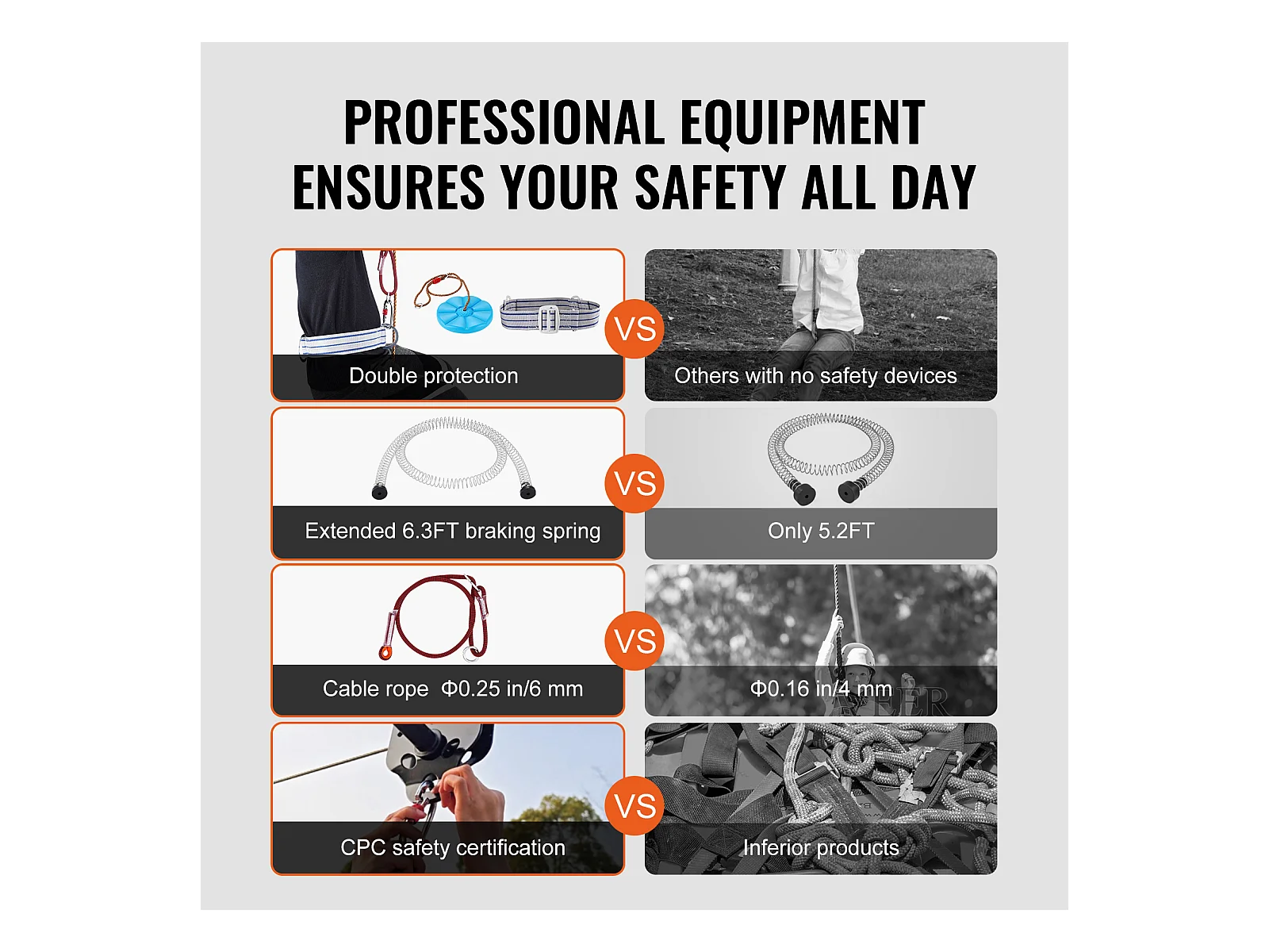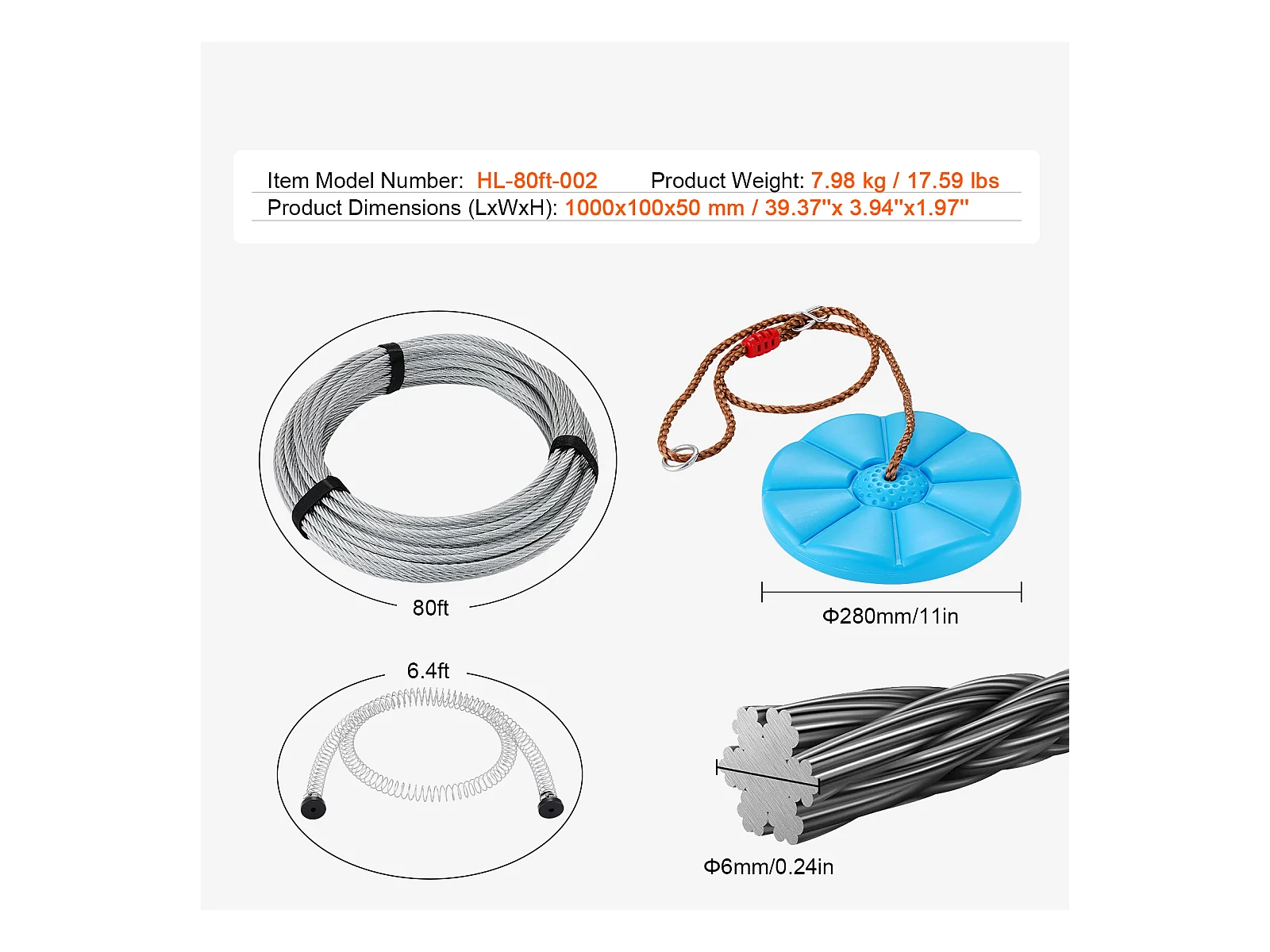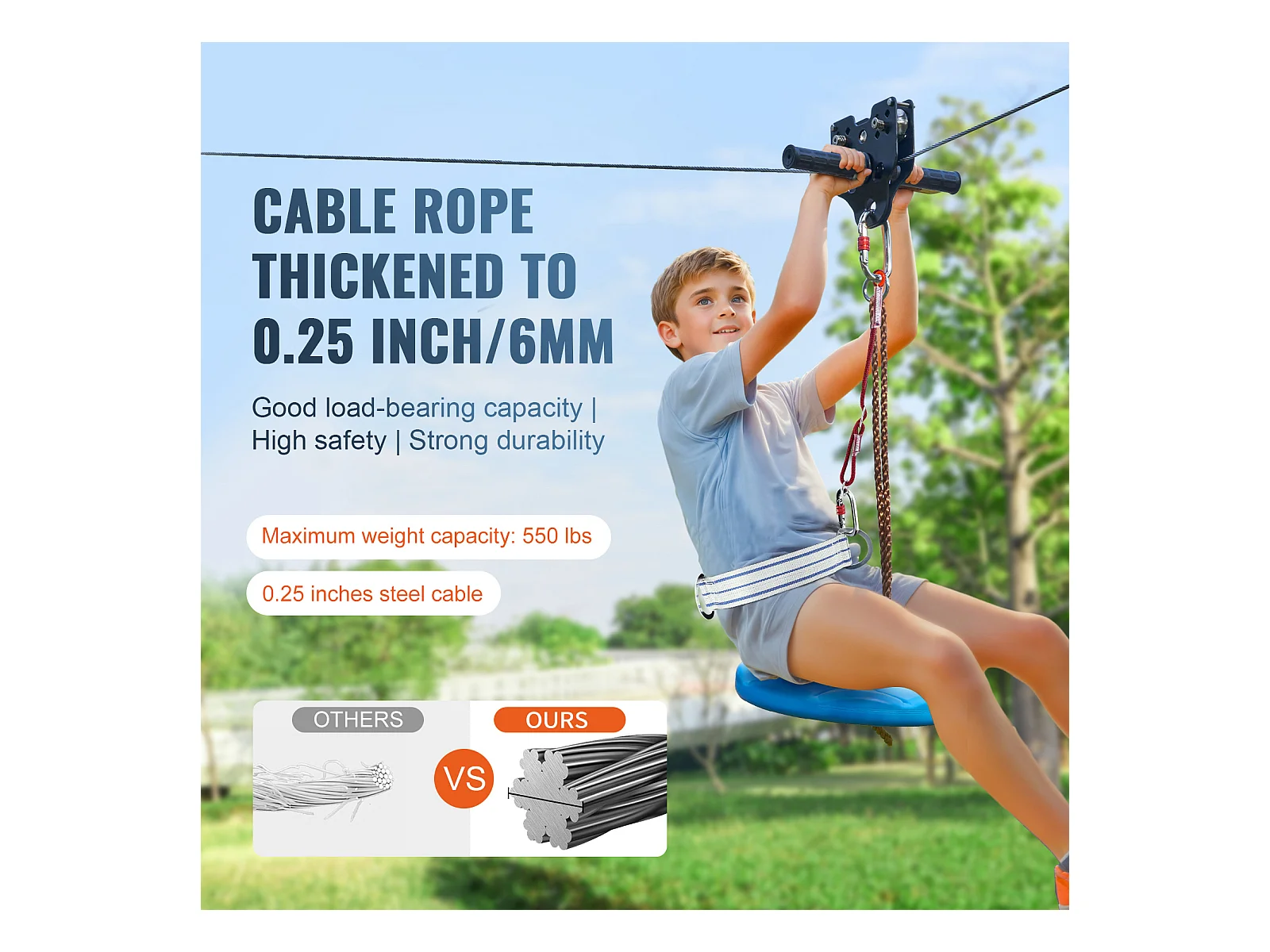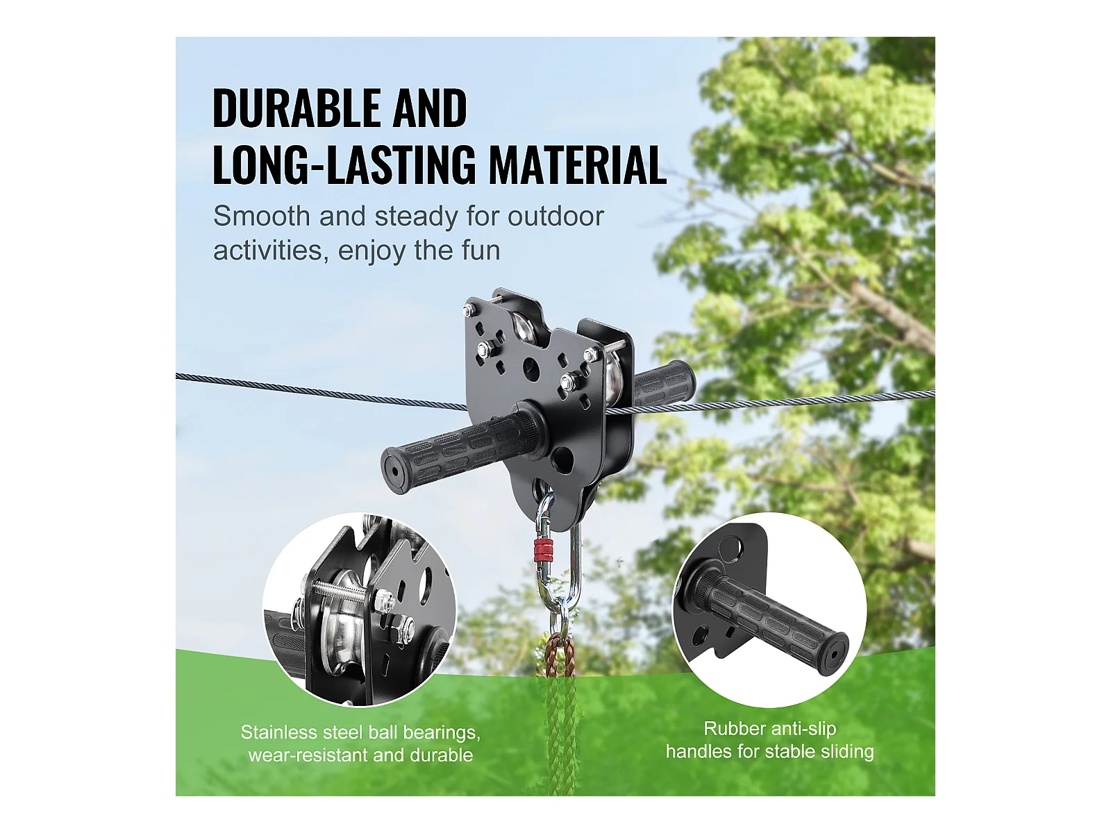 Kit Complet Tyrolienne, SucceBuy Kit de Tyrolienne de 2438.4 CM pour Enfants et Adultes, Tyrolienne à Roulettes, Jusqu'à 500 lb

####################

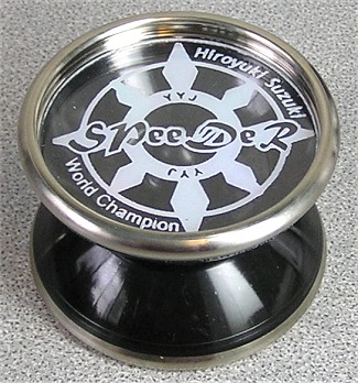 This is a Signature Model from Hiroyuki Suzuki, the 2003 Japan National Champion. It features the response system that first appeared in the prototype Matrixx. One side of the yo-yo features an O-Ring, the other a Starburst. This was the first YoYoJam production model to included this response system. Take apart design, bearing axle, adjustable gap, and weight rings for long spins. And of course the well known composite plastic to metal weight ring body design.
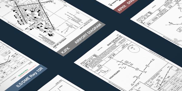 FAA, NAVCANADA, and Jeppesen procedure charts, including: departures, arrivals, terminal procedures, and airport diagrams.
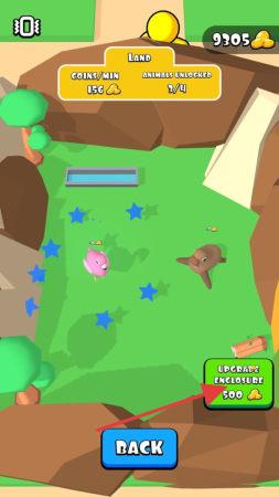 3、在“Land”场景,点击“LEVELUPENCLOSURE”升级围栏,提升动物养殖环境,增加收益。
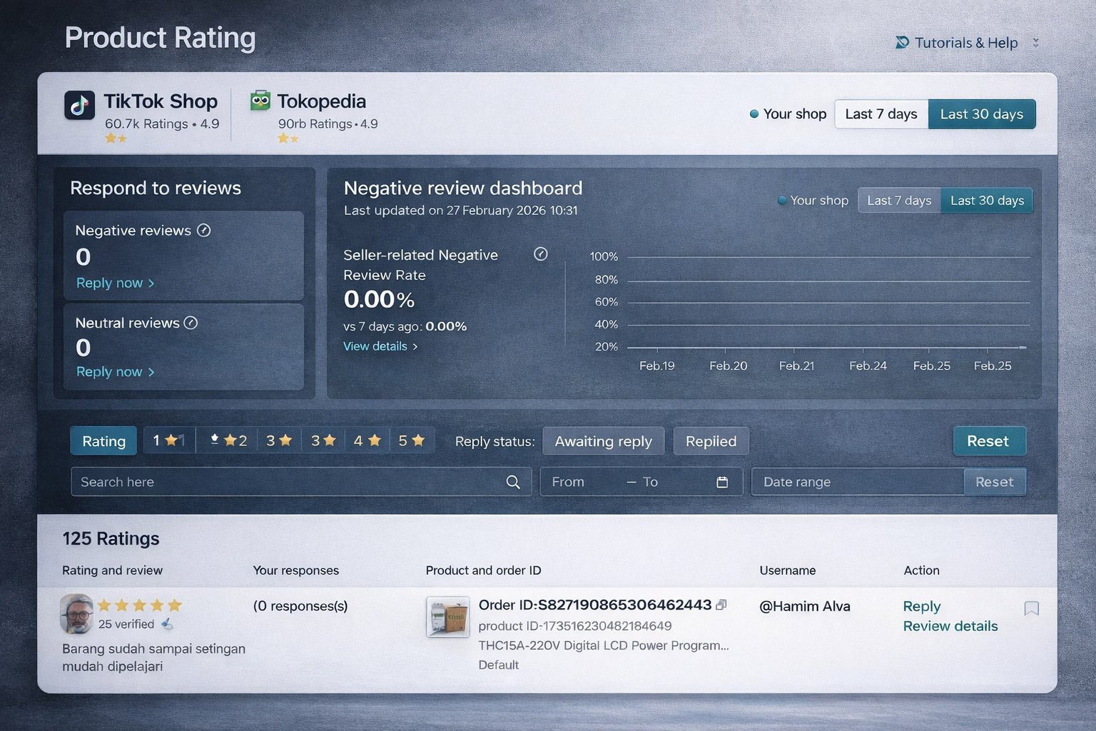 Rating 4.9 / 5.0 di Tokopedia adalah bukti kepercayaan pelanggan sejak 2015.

####################

• _Task_:
Using the entries above, reproduce word for word only the lines from the one that contains "This is a Signature" to the one that contains "Rating 4.9 /", both ends included, and drop every picture.

• _Answer space_:
 This is a Signature Model from Hiroyuki Suzuki, the 2003 Japan National Champion. It features the response system that first appeared in the prototype Matrixx. One side of the yo-yo features an O-Ring, the other a Starburst. This was the first YoYoJam production model to included this response system. Take apart design, bearing axle, adjustable gap, and weight rings for long spins. And of course the well known composite plastic to metal weight ring body design.
 FAA, NAVCANADA, and Jeppesen procedure charts, including: departures, arrivals, terminal procedures, and airport diagrams.
 3、在“Land”场景,点击“LEVELUPENCLOSURE”升级围栏,提升动物养殖环境,增加收益。
 Rating 4.9 / 5.0 di Tokopedia adalah bukti kepercayaan pelanggan sejak 2015.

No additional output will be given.